When would be a good time to show mercy? Tomorrow, maybe? After all, today is a day of rest. We don’t want to do work on a day of rest. After all, even God rested on the seventh day, right? But as Jesus said, even the most observant of first-century Jews will lead their animals to the feeding trough and to water on the Sabbath. Why? Because animals don’t know about the Sabbath and they don’t care. If you don’t believe me, come to my house at about 5:30 or 6 in the morning and ask my cat. All animals know is that it’s time to be fed or watered or milked and they don’t know or care about our customs, calendars or our need to sleep in. So feeding, watering and milking farm animals on the Sabbath was allowable because it was the right and sensible thing to do. So, Jesus asks in effect, if it is okay to show mercy to your animals on the Sabbath, then why can’t we show mercy—heal—a daughter of Abraham on the Sabbath?

When is a good time to show mercy? Now is a good time to show mercy. Right now.

And I have another question for this Leader-dude. Where is a good place to show mercy? Underneath his complaint about the Sabbath, the man who stirred up the people in the congregation with his grumbling was also complaining about the place of the healing. This is a house of worship, not a clinic. This is sacred ground, where sacred words are said in sacred ways. Take it outside.

So where is a good place to show mercy? Jesus’ invitation to the woman and his healing of her brokenness says that showing mercy, compassion and healing what binds and breaks us is as much the worship of God as all the sacred words and ritual we can muster. In fact, one without the other is pretty much empty. If our worship doesn’t drive us to mercy, then we are not really worshiping God. If our compassion doesn’t show us the face of God, then we are not listening. If our rituals only reinforce our fears then we are only huddling against the cold instead of turning ourselves to God.
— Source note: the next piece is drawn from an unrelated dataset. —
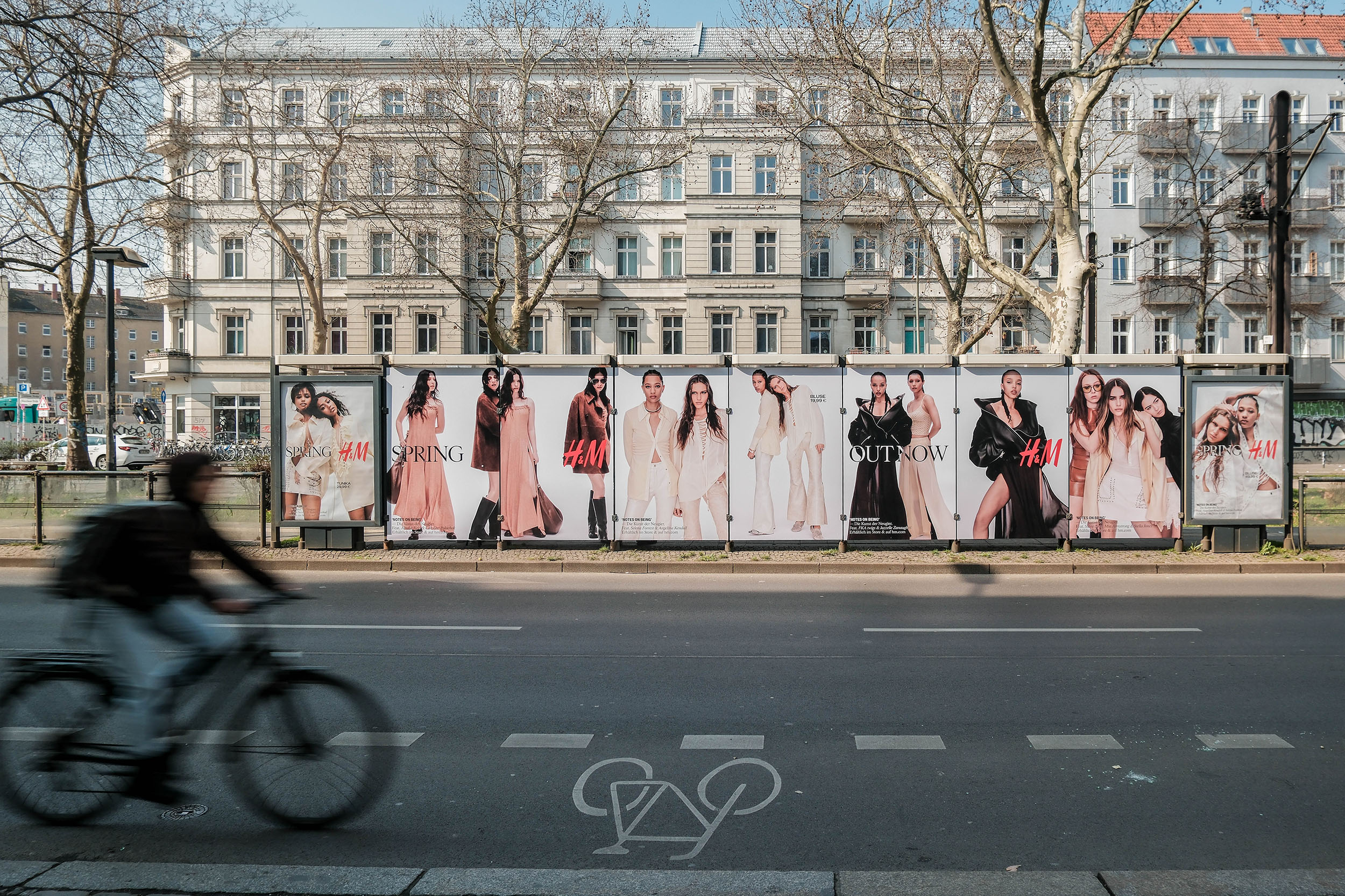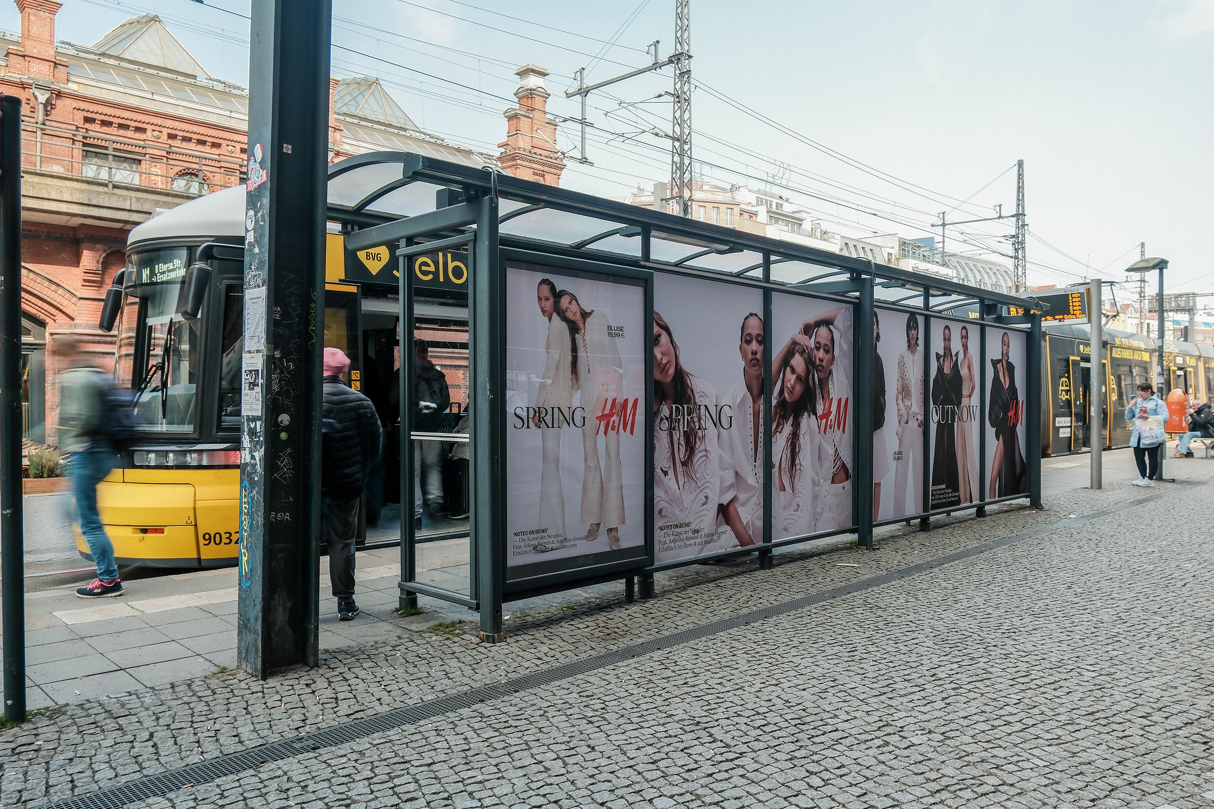 Ein auffälliges Wartehallenbranding an vier Berliner Wartehallen gibt einen Ausblick auf die Frühjahrskollektion 2025 von H&M.

Where is the place to show mercy? Here is the place to show mercy. Right where we are, right now.

Finally, I turn to the story which started this section of Luke’s Gospel, this section about repentance and turning our focus towards God: the question of the tower in Siloam and the 18 people when it fell down. Jesus reminded us that God does not work by knocking down towers, or causing car wrecks, or making flimsy hearts or runaway cells. These are part of being free people in a created order that runs on rules like gravity, time and creatureliness. What we can do is be better: build better towers, work to care for and find cures for the people who are sick, be more attentive to the people in our lives, take better care of ourselves and…getting to story at the other end of the section, the one we heard today…we can show mercy where we can.

The Leader-dude of the local synagogue was upset because he thought the sacred Sabbath was violated in a sacred space by the showing of mercy to a woman in pain. He was so upset that instead of taking it to Jesus, he tried to get as many allies on his side as possible as fast as he could. Jesus tells him that the time for mercy is now and the place for mercy is here.
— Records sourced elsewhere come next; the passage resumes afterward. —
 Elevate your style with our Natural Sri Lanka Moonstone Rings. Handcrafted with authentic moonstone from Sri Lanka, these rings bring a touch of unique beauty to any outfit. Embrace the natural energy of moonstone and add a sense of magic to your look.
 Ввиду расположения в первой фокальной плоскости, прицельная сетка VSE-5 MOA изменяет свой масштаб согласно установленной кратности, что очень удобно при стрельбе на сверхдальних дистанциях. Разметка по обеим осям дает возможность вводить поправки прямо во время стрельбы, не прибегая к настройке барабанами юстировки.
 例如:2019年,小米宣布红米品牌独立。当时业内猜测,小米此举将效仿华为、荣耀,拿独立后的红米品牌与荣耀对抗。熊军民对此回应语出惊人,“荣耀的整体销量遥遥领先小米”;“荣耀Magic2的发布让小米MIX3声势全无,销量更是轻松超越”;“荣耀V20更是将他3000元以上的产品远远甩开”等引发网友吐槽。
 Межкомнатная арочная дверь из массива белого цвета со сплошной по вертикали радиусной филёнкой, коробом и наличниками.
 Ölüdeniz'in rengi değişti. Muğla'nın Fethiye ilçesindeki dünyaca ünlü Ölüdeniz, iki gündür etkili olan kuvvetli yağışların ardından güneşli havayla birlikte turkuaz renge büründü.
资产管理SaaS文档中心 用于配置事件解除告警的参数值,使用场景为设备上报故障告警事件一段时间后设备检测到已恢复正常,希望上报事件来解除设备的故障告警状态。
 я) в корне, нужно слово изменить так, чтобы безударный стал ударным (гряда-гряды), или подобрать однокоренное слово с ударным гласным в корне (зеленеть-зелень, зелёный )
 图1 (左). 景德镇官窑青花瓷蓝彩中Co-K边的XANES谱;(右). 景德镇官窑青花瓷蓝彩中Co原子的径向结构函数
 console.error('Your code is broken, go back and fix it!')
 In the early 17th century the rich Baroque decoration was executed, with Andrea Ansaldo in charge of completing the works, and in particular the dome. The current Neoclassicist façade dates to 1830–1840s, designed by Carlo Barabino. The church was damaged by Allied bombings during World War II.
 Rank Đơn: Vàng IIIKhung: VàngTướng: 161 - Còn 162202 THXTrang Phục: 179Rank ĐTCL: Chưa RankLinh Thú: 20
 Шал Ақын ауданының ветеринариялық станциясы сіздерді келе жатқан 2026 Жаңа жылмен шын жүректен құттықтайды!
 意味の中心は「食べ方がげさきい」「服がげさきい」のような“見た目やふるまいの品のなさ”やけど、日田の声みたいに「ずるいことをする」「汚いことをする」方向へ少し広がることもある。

Luke’s Gospel tells us that Jesus’ words were so effective that the Leader-dude and his cronies were shamed into silence. Of course, the silence did not last long. People still challenge Jesus right down to today. They still grumble. They still blame the victim and look for scapegoats. One of the reason that Jesus was condemned to death and went to the cross was because human beings will look anywhere, anyplace—except in their own hearts—to keep what scares them at arm’s length. And it still happens today.
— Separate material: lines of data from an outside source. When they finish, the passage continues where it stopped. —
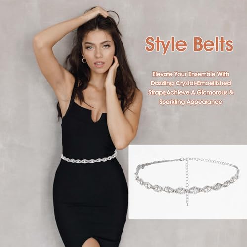 • 【Elegant Design】The rhinestone belts for women feature a stunning silver design with sparkling rhinestones, adding a touch of glamour to any outfit. Sparkly belts for women is perfect for formal events or casual wear.
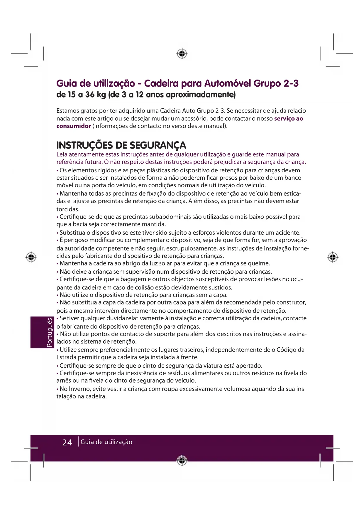 - Se tiver qualquer dúvida relativamente à instalação e correcta utilização da cadeira, contacte o fabricante do dispositivo de retenção para crianças.
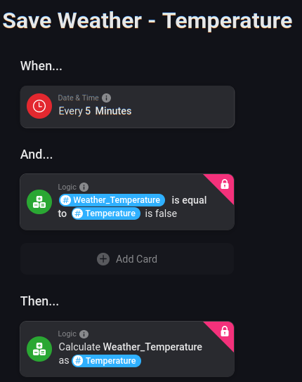 The blue [Temperature] tag in the cards itās in, is from Homey āonboardā weather, you can select it like this:
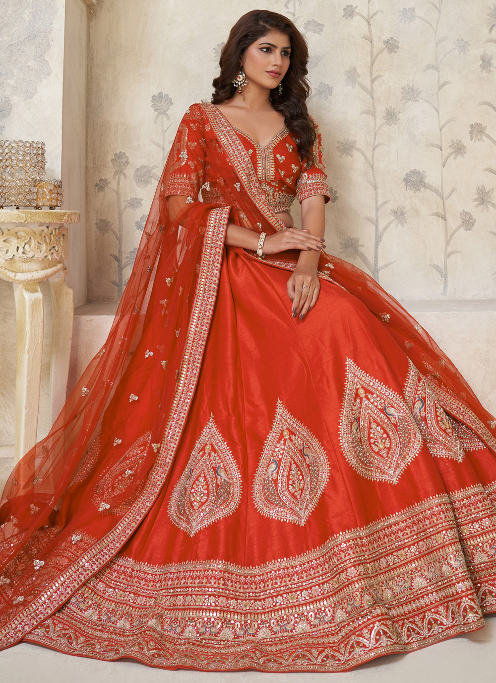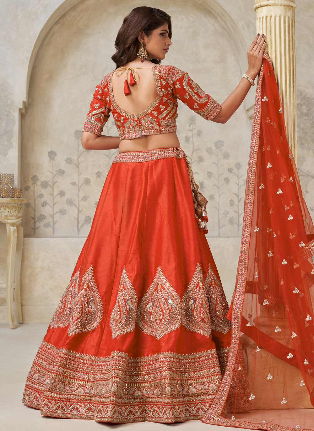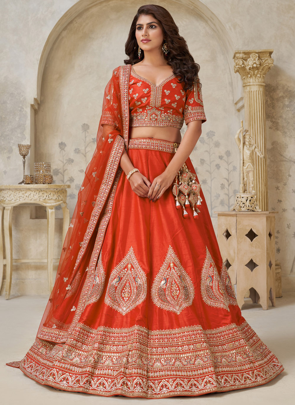 This ceremonial lehenga choli in rust silk showcases elegant zari work paired with delicate sequin detailing. The A-line pattern offers ease of movement while maintaining a rich and traditional appearance for special occasions. Comes with matching choli and dupatta.

This summer’s extended flap over the Muslim community center in lower Manhattan is not really about sacred spaces or preserving the feeling of victims or even about safety. We hear the same complaints: why here? Why now? It is all about fear. Fear is the opposite of faith. And, you know, there are people who use our fears to build up their own power. You know there are people who love to only feel big and strong when everyone around them is terrified, or angry, or shouting. Just like the Leader in today’s Gospel who stirred up the crowd with his grumbling—except that these days they use the internet and the media to make for a much bigger crowd—they build themselves up by bringing out the worst in everyone else. And apparently those who would set Americans against Americans and encourage hatred between people of faith show no shame. They only tell us how dangerous the world is, and encourage us to make any one who is different into a hated "other". These people gain power by keeping us in our fear.

Yes, it’s true. We do live in an uncertain and often dangerous world, and we do everything we can to maintain some order and create some safety. But as Jesus demonstrates, while we might not be able to keep the towers from falling, we can show mercy where we can. We might not be able to prevent disaster, but we can care for people in trouble. We may not understand our neighbor but we can walk with them. We can't cure every illness or heal every division but we can reach out with healing to the person right in front of us.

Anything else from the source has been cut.